Soil fertilization with 30 kg ha−1 P added as TPR or DAP significantly enhanced all the parameters measured. DAP significantly stimulated plant height 30 days after planting and shoot dry matter yields harvested 60 days after planting, and TPR stimulated root dry matter yield at harvest. With TPR root colonization with indigenous AM fungi was approximately five times more important than with DAP. This corroborates the results of Barea et al. (1980) showing that phosphate rock does not reduce the level of root infection with AM as compared to the addition of soluble P. The observed percentages of wheat root colonization by natural AM fungi present in the Koygour soil are very low.
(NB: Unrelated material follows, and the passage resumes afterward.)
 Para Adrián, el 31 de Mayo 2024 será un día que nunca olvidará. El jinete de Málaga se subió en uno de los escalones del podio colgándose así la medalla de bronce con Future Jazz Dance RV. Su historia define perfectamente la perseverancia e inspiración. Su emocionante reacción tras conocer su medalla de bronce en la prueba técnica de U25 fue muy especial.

Many adverse soil conditions like elevated temperature and water stress (Entry et al., 2002) can explain this, and wheat will probably benefit from inoculation with an appropriate isolate of AM (Graham and Abbott, 2000).
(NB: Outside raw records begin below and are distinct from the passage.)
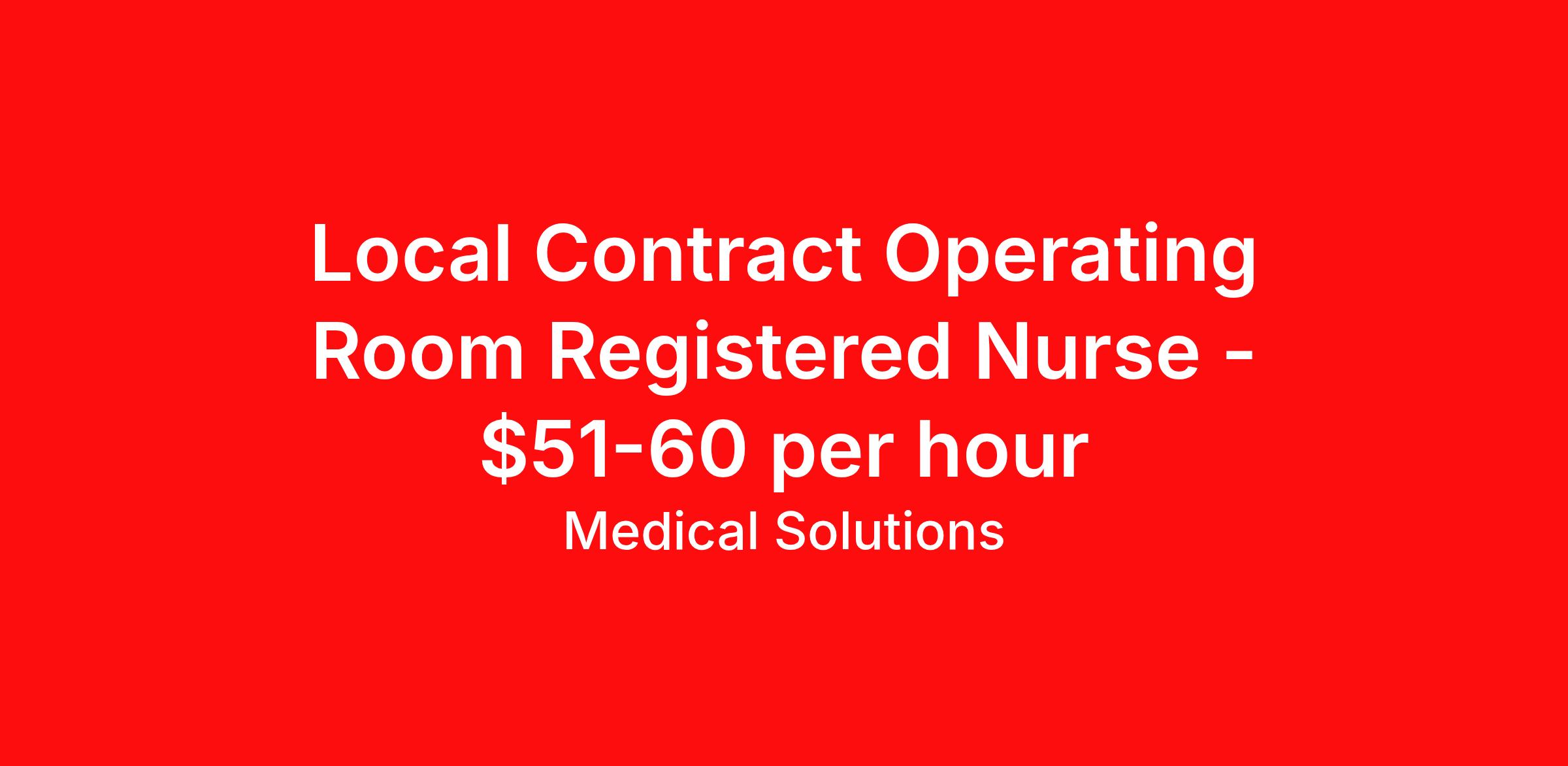 Medical Solutions is seeking a local contract nurse RN OR - Operating Room for a local contract nursing job in West Nyack, New York. Job Description & Requirements Specialty: OR - Operating Room Discipline: RN Duration: 13 weeks 40 hours per week Shift: 8 hours, days Employment Type: Local Contract We’re seeking talented healthcare professionals whose adventure game is as strong as their clinical game. Those that want flexibility and high pay, we have the positions for you! Some of the industry-leading benefits enjoyed by Medical Solutions travel nurses and travel allied healthcare professionals include: Day One Medical, Dental, and Vision with low premiums Day One 401(k) with Company Contribution Personalized Compensation Packages Paid, Private, Fully Furnished, Pet-Friendly Housing Dedicated Recruiter and 24/7 Customer Care Line Per Diem Allowance and Paid Travel Licensure and Certification Reimbursement Free Liability Coverage Voluntary Benefits: Critical Illness, Hospital Indemnity, Accident, and Pet Insurance Equal Employment Opportunity And More! Estimated pay package based on bill rate at time job was posted. Bill rates can change frequently and without notice. Exact pay package may vary based on guaranteed hours, distance being traveled, and customizations available for travelers. Medical Solutions Job ID 1068078L. Posted job title: OR (Operating Room) About Medical Solutions At Medical Solutions, we’re people who care, helping people who care. No matter how you look at it, there’s a whole lot of care going on in our world and that’s just the way we like it. What do we do? Medical Solutions is one of the nation’s largest providers of total workforce solutions in the healthcare industry, connecting nurses and allied health clinicians with hospitals and healthcare systems across the country and around the corner. Through our family of brands, we also serve a segment of clients outside of the healthcare space. And we’re the very best at what we do. You’ll love our culture that’s filled with heart and soul. As a company and employer, we’re sincerely and unabashedly us. We lead as humans first and believe the unique qualities of each team member make us better together. We share a purpose for helping others and the drive to make a difference. And we offer endless opportunities for personal and professional growth, throughout your career. At Medical Solutions, you’ll find a great place to work and a career home. We’ve received Best Places to Work awards, landed top industry awards, and received accolades for the impact we’ve made in business and within our community. But the only way to really get to know us, is to join us. We think you’ll fit right in. Benefits Weekly pay Holiday Pay Guaranteed Hours Continuing Education 401k retirement plan Pet insurance Company provided housing options Cancelation protection Wellness and fitness programs Mileage reimbursement Referral bonus Employee assistance programs Medical benefits Dental benefits Vision benefits Benefits start day 1 License and certification reimbursement Life insurance Discount program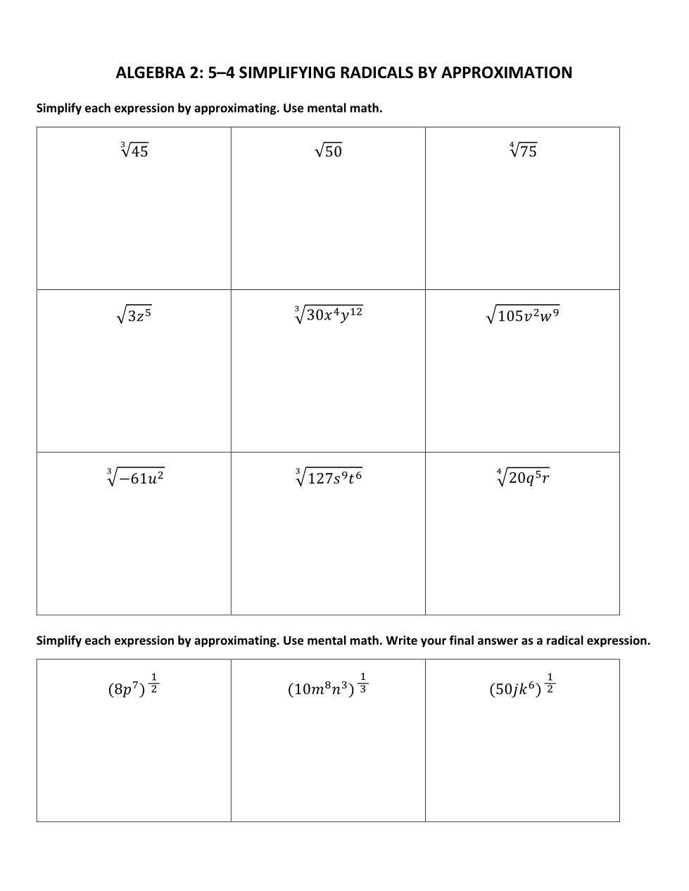by approximating. Use mental math. Write your final answer as a radical expression.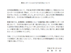 東京大学の教養学部が、「期末レポートにおける不正行為について」という告知をネットに掲載しています。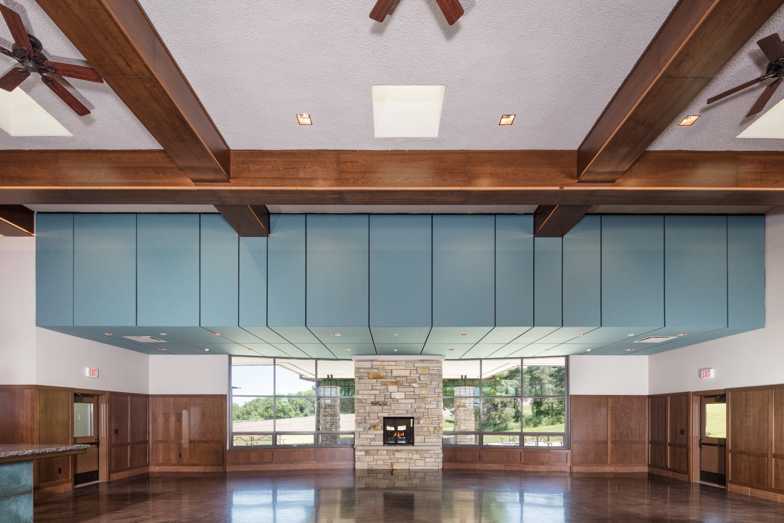 The previous lodge had large glulam beams that the owner desired to salvage and reuse. Due to the more open floor plan of the new lodge, it wasn't financially viable to reuse the glulam beams. Working with the owner, we were able to come up with a more elegant solution that incorporated recessed lighting within the beams. The primary room lights can be turned off and the beam lights can be used as accent lighting.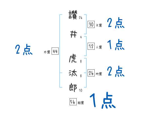 天運![]() | 讃井虎汰郎さんの天運は30画の2つ星!浮き沈みの激しさに注意しましょう。 家系が持つ宿命的な運勢を表します。祖先から受け継いだ苗字ですので自分の力が及びません。家柄を象徴します。 |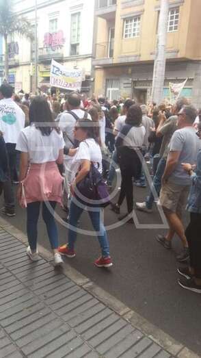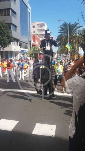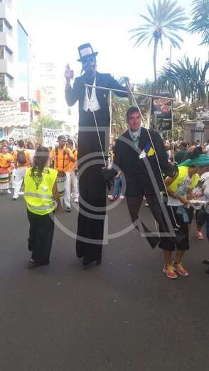 Miembros de Podemos y el ciudadano teldense José Luis Florido en la protesta que tuvo lugar en la capital grancanaria (Foto TA)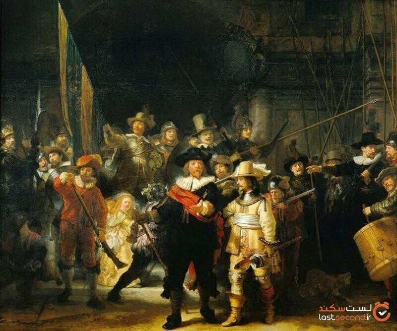 باز هم نوبت نقاشی های معروف هنرمندان هلندی رسید. رامبراند فان راین یکی از پرجزئیاتترین و معروف ترین نقاشی های جهان را در قرن هفدهم خلق کرد. این نقاشی بسیار بحثبرانگیز است و این ویژگی، به موضوعش ربط ندارد؛ بلکه به نحوه ترسیم افراد مرتبط است. اگرچه انسانهای این نقاشی در طبقات اجتماعی مختلفی قرار دارند، به جزئیات پرتره همگی به یک اندازه پرداخته شده است و به همین دلیل این نقاشی، تحولی در نظام پرتره به همراه داشت. عنوان سخت ترین نقاشی دنیا را میتوان به بسیاری از تابلوها داد و دراینبین اثر گشت شبانه هم میتواند یکی از آنها باشد.

In Mali, soils are frequently exposed to elevated temperature and drought; therefore the use of TSM producing resistant spores will be preferable for the success of inoculation under these difficult conditions. Endospore-forming bacteria belonging to the genus Bacillus include PSM isolates (De Freitas et al., 1997), which will adapt to such harsh conditions. The TSM

selected in this study were identified by the laboratory of Dr. Carole Beaulieu at the University of Sherbrooke (Quebec, Canada) by using the Biolog systems and the sequencing of the 16S rDNA, and none of the isolated bacteria belonged to the bacilli. For this reason and because of their high TPR solubilizing activities, the two fungi C1 and C13 were retained for future investigations. Isolate C1 was identified as Aspergillus awamori Nakazawa, and C13 as Penicillium chrysogenum Thom. The bacterial isolate BR2 identified as a Pseudomonas sp. was also retained because it is an important mycorrhizal helper bacterium and has superior plant growth promoting activities with wheat fertilized with TPR. The two fungal isolates C1 and C13, the bacterial isolate BR2 and a commercial AM isolate of Glomus intraradices were used to inoculate the cv. Tetra of wheat in field plots established in Koygour during the 2001–2002 growing season (Babana and Antoun, 2004). Bacteria BR2 confirmed its mycorrhizal helper trait and inoculation of wheat with G. intraradices significantly increased wheat grain yield and P content. The highest grain yield and P content was obtained with TPR fertilized wheat inoculated with BR2, C1 and G. intraradices (Babana and Antoun, 2004). More field inoculation trials should be performed in many different regions in Mali and other parts of Africa, and with other wheat cultivars, before a commercial inoculant formulation based on these beneficial TSM can be developed.